• _WHAT YOU ARE ASKED TO DO_
Give the lines below again exactly, starting with the line that holds "Dijital Baskı Kahverengi" and going on through the line that holds "采用文獻調查法,匯總分析了8".

--- RECORDS ---

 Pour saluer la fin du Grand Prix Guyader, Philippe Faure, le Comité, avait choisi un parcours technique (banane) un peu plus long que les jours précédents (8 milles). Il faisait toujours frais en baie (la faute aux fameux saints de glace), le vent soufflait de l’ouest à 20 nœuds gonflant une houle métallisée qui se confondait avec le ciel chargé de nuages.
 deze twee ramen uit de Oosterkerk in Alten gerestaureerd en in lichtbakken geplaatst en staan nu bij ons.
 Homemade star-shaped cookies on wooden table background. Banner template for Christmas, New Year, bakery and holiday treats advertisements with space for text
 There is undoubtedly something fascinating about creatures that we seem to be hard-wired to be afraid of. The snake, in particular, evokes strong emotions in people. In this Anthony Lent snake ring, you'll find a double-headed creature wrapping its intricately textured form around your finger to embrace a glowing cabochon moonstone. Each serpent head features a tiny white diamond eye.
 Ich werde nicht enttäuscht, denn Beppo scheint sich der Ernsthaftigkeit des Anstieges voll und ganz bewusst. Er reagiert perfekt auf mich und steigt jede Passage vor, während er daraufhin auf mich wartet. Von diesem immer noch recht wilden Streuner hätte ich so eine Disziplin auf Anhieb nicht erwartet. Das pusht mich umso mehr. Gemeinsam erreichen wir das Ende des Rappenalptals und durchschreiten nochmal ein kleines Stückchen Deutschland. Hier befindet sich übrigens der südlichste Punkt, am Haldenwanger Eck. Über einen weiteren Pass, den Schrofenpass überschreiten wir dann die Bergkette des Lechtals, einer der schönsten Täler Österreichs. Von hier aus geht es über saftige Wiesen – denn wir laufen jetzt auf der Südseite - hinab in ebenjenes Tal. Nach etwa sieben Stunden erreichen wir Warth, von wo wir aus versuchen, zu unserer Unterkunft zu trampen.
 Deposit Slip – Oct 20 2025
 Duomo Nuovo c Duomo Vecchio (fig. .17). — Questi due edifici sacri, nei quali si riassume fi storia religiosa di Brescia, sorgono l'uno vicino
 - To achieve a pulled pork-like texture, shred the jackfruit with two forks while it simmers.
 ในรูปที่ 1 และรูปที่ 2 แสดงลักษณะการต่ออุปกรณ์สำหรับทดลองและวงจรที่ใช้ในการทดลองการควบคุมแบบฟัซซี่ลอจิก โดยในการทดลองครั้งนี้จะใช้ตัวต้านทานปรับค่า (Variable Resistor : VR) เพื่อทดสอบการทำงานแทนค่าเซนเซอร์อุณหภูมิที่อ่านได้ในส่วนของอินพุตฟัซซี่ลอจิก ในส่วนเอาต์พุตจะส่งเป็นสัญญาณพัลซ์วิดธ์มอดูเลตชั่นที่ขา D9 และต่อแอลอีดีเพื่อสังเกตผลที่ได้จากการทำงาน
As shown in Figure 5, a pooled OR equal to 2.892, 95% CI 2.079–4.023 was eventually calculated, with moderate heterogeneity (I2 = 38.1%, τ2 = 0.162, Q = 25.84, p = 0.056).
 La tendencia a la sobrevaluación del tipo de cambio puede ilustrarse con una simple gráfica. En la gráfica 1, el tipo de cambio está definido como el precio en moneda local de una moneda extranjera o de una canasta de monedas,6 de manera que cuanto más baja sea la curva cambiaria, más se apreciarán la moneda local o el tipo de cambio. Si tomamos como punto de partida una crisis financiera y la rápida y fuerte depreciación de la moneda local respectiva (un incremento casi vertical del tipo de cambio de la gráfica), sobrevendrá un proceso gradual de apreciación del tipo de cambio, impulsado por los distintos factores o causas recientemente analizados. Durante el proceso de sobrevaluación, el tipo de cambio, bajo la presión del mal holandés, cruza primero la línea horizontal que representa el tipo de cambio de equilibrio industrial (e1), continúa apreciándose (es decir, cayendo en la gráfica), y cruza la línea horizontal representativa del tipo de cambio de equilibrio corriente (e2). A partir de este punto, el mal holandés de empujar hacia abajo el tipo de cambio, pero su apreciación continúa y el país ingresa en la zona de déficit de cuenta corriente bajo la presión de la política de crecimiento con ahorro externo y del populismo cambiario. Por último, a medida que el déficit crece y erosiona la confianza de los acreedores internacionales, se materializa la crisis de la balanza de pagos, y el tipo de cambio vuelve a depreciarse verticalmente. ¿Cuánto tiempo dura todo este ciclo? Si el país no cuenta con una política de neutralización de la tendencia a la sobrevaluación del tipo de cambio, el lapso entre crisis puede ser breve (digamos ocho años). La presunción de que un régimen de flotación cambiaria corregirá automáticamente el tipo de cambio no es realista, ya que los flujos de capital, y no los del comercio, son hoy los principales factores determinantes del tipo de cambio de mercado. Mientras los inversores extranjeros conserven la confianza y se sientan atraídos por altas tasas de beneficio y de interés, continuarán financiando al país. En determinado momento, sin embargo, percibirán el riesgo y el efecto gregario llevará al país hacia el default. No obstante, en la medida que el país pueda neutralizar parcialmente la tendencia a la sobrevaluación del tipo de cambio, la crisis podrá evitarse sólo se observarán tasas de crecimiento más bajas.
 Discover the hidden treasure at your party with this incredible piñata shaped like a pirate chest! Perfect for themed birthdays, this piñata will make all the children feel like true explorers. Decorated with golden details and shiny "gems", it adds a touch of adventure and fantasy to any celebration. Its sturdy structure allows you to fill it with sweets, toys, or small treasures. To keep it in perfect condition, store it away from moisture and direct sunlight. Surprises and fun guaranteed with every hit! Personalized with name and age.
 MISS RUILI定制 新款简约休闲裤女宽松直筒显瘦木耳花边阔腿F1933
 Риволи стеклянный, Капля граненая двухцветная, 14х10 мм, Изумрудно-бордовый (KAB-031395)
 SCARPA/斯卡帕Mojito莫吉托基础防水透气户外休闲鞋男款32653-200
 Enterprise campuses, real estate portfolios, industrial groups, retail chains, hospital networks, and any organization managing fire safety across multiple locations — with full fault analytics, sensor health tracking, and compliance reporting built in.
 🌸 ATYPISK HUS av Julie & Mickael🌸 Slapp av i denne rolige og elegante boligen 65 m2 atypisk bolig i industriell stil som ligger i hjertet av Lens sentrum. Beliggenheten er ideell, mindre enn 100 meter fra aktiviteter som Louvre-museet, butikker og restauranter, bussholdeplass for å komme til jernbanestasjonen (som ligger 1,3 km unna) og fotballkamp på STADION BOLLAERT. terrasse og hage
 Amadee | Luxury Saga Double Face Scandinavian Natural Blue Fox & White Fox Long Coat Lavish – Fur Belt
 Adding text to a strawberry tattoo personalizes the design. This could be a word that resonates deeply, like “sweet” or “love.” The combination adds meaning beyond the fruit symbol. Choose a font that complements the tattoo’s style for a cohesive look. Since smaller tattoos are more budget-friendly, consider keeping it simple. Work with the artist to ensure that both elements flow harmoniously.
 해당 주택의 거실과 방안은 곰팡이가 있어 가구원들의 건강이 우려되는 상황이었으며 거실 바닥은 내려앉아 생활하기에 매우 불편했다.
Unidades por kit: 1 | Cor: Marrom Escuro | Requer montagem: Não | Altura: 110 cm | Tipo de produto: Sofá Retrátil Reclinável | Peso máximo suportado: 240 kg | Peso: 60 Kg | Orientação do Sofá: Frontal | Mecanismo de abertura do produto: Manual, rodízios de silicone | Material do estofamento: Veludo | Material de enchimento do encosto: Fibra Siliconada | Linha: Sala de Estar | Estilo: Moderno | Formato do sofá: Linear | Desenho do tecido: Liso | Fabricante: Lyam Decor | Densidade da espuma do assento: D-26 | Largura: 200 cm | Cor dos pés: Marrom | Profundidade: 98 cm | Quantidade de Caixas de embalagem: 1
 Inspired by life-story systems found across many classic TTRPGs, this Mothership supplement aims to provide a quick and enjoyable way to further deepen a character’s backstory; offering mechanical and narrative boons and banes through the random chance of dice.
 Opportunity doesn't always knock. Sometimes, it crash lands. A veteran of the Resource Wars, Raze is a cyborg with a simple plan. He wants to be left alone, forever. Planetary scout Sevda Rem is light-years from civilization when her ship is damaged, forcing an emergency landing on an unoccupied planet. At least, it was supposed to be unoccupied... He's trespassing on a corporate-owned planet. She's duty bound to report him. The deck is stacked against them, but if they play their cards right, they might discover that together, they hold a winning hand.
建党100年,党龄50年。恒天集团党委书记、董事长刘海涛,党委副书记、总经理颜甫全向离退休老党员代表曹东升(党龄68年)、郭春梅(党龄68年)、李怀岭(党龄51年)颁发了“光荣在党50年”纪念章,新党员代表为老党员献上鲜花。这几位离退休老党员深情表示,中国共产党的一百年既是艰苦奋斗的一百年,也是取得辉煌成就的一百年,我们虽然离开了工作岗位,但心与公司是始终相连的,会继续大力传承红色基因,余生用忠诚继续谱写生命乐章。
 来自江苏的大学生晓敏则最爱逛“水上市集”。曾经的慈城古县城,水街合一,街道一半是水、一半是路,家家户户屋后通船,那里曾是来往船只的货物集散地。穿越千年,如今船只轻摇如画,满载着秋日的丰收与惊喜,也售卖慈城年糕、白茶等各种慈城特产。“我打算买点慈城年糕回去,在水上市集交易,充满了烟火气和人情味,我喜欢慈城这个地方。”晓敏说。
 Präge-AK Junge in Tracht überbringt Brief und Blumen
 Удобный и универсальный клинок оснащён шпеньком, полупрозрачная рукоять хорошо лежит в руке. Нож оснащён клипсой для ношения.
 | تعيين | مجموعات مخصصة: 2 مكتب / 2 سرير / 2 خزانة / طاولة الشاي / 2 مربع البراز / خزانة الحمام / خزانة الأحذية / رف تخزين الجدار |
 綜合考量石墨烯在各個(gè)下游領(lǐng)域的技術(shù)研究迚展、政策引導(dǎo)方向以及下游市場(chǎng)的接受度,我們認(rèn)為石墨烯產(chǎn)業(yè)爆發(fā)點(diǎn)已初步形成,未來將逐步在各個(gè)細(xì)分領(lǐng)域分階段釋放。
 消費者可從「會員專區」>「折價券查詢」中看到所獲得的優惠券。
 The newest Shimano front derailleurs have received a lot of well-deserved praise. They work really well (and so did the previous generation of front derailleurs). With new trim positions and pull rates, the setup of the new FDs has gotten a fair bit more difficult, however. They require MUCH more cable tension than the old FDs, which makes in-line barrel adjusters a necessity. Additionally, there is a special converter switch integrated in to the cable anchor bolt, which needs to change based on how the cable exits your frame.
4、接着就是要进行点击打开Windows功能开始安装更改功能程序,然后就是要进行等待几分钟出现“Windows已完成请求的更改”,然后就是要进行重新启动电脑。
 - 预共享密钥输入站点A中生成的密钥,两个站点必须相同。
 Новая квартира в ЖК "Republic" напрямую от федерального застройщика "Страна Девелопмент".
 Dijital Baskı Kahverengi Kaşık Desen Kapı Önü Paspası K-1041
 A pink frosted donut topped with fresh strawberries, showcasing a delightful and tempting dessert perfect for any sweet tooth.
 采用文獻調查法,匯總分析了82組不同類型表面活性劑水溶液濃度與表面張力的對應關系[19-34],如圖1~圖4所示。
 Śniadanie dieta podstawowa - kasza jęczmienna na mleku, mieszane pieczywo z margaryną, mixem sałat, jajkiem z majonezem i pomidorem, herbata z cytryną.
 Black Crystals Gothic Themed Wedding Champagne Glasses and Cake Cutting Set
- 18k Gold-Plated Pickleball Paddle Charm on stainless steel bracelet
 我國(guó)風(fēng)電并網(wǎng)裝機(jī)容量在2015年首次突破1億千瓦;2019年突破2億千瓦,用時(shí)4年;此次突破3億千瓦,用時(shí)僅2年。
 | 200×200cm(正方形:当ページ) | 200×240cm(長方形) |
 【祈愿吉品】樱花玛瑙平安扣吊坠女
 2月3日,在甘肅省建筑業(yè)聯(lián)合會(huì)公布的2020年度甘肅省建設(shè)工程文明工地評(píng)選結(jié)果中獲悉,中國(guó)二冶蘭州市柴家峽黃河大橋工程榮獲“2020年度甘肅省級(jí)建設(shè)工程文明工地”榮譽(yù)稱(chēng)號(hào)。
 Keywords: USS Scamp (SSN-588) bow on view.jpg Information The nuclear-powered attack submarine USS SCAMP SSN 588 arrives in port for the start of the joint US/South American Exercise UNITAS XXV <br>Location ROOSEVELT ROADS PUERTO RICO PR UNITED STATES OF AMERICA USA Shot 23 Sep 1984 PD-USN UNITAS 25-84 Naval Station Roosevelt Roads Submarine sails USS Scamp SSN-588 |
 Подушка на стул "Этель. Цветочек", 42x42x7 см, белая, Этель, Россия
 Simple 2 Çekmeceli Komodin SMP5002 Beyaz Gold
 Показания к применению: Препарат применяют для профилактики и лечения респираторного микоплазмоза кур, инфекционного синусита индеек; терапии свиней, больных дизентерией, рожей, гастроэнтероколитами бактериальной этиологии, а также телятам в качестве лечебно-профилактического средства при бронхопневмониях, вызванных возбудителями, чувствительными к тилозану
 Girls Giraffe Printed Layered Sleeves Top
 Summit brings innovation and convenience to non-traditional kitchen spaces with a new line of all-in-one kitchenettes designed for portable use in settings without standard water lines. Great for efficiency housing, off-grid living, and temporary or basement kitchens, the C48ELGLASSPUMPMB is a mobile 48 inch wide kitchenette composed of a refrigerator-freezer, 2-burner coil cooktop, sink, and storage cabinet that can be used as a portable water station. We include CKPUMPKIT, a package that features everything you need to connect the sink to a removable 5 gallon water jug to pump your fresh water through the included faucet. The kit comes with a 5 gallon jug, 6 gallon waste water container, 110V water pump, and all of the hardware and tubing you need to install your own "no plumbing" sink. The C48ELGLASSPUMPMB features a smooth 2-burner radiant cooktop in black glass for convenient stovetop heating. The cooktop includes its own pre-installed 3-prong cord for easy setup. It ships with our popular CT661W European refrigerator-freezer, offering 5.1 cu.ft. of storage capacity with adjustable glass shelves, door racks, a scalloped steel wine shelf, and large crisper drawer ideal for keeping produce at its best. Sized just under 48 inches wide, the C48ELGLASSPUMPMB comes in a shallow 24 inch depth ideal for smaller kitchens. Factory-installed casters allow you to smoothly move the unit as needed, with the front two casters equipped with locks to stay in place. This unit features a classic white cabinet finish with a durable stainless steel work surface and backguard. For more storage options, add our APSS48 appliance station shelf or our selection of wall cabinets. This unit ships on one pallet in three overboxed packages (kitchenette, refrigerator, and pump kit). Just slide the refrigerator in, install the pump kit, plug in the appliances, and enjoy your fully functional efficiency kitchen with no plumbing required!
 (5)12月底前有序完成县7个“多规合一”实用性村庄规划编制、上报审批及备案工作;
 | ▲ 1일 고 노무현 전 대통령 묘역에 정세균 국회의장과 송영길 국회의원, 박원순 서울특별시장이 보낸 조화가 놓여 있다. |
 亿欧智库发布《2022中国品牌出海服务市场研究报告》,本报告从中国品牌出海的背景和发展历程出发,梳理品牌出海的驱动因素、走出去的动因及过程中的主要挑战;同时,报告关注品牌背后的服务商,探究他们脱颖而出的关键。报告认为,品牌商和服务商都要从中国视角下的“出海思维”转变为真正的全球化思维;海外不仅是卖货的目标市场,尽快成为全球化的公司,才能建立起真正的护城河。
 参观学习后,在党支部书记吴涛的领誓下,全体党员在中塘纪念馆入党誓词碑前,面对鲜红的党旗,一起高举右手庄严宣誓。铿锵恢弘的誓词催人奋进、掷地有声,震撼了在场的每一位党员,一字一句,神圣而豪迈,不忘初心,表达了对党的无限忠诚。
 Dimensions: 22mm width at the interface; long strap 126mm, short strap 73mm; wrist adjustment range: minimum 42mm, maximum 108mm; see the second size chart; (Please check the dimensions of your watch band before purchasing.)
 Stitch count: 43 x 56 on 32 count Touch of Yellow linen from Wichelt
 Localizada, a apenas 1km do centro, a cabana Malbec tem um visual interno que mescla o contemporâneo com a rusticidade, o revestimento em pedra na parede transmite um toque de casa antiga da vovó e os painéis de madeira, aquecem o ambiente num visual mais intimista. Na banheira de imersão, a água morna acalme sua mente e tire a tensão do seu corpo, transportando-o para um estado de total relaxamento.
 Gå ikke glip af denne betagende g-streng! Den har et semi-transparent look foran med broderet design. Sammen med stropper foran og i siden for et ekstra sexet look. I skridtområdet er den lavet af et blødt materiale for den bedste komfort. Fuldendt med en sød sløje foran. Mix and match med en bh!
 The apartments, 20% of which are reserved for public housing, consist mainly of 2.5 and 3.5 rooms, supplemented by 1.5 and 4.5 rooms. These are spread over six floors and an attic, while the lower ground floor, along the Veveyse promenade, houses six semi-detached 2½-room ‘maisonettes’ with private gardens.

---

• _RESULT OF THE EXERCISE_
 Dijital Baskı Kahverengi Kaşık Desen Kapı Önü Paspası K-1041
 A pink frosted donut topped with fresh strawberries, showcasing a delightful and tempting dessert perfect for any sweet tooth.
 采用文獻調查法,匯總分析了82組不同類型表面活性劑水溶液濃度與表面張力的對應關系[19-34],如圖1~圖4所示。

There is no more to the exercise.